The study Gender Dynamics in Crowdfunding: Evidence on Entrepreneurs, Investors, and Deals from Kickstarter revealed women entrepreneurs had a crowdfunding success rate of 69.5 percent, compared to 61.4 per cent for men.
Women raised less money overall, with the average funding goal for women-led projects about $6,300, compared to $9,400 for men, but when the researchers looked at projects identical in category, subcategory and goal amount women still were more successful than men.
Researchers from The Kauffman Foundation and the Hebrew University of Journalism examined fundraising efforts on crowdfunding platform Kickstarter between April 2009 and March 2012. The data included 16,641 successful projects, 4,304 ongoing projects, 4,128 failed projects, 22,274 entrepreneurs, and 1,108,233 investors.
“One interesting finding is that female entrepreneurs are more likely to attract female investors – when we examine the gender of the investors of female and male led projects, we find very different investing patterns,” the report said.
“While more than 40 per cent of the funds of female investors were invested in projects by female entrepreneurs, only 22.5 per cent of the male investor funds went to female led projects.”
The more female dominant a project was, the higher the share of female investors.
Projects with two females had a 63 per cent share of female investors, which dropped to 57 per cent for one female, 52 per cent for a team with more females than males, 51 per cent for a team with more males than females, 44 per cent for projects with one male, and 40 per cent for teams with two males.
The opposite was also true with a larger the share of male investors the more male-dominated a project was.

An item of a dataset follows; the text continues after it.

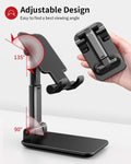 Foldable Cell Phone Stand for Desk – Portable Mobile Phone Holder for 3.5" - 7.9" Devices | Adjustable & Rotatable Stand for iPhone, iPad, Tablets, and Smartphones (Black)
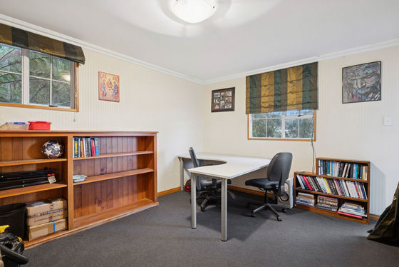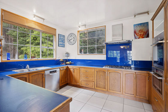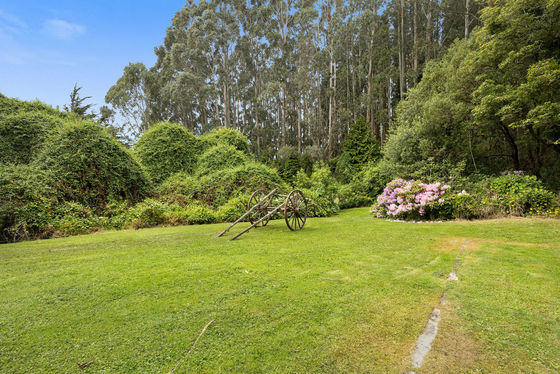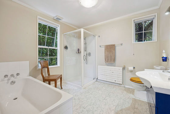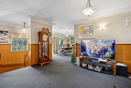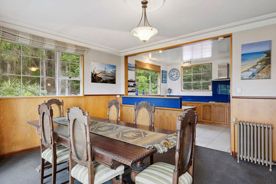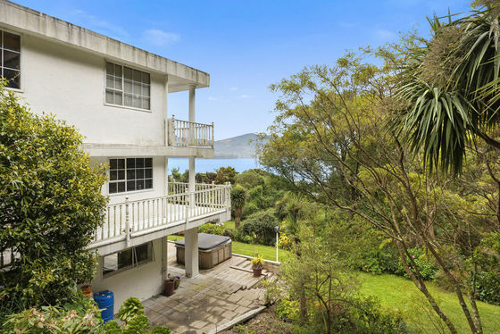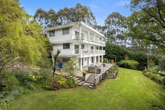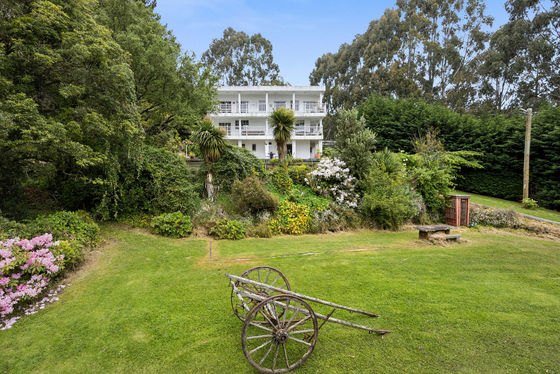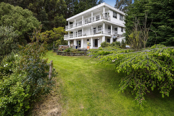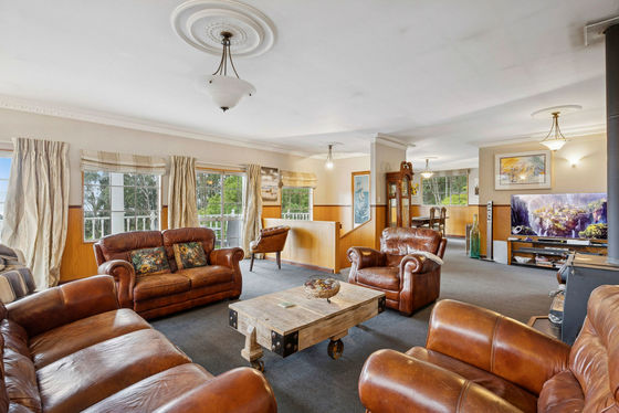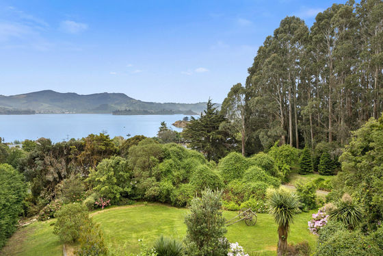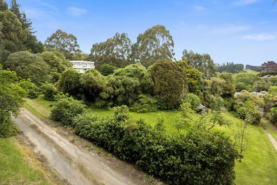 The property comprises a multi-level 1980s-built home of five bedrooms and four bathrooms, large outbuildings, a stand of lofty trees and open land suitable for potential residential development (subject to feasibility and necessary consents).

Overall women made up about 35 per cent of the project leaders and 44 per cent of the investors on the platform.
The report noted past studies which found that women raised significantly lower amounts of equity than men at startup and significantly lower amounts of both debt and equity in the years following startup, even controlling for firm size and the level of initial capital.
Yet the study did not attribute this solely to lack of supply.
“Several studies point out that women are less likely to seek external financing, and, when they do, they raise smaller amounts. These are demand side constraints, which raise the possibility that women have different motivations and goals for their firms than men, or, alternatively, that they are more risk averse and concerned with maintaining control,” the report said.
“While crowdfunding has the potential to ‘democratize’ the private equity market by serving as a means for both women entrepreneurs and women investors to participate more fully, our initial analysis of Kickstarter data suggests that this currently is not the case.”
It follows a study earlier this year which asked potential investors to rate a series of identical pitches. Only 32 per cent of people said they’d fund the woman, compared to 68 per cent who said they would fund the man.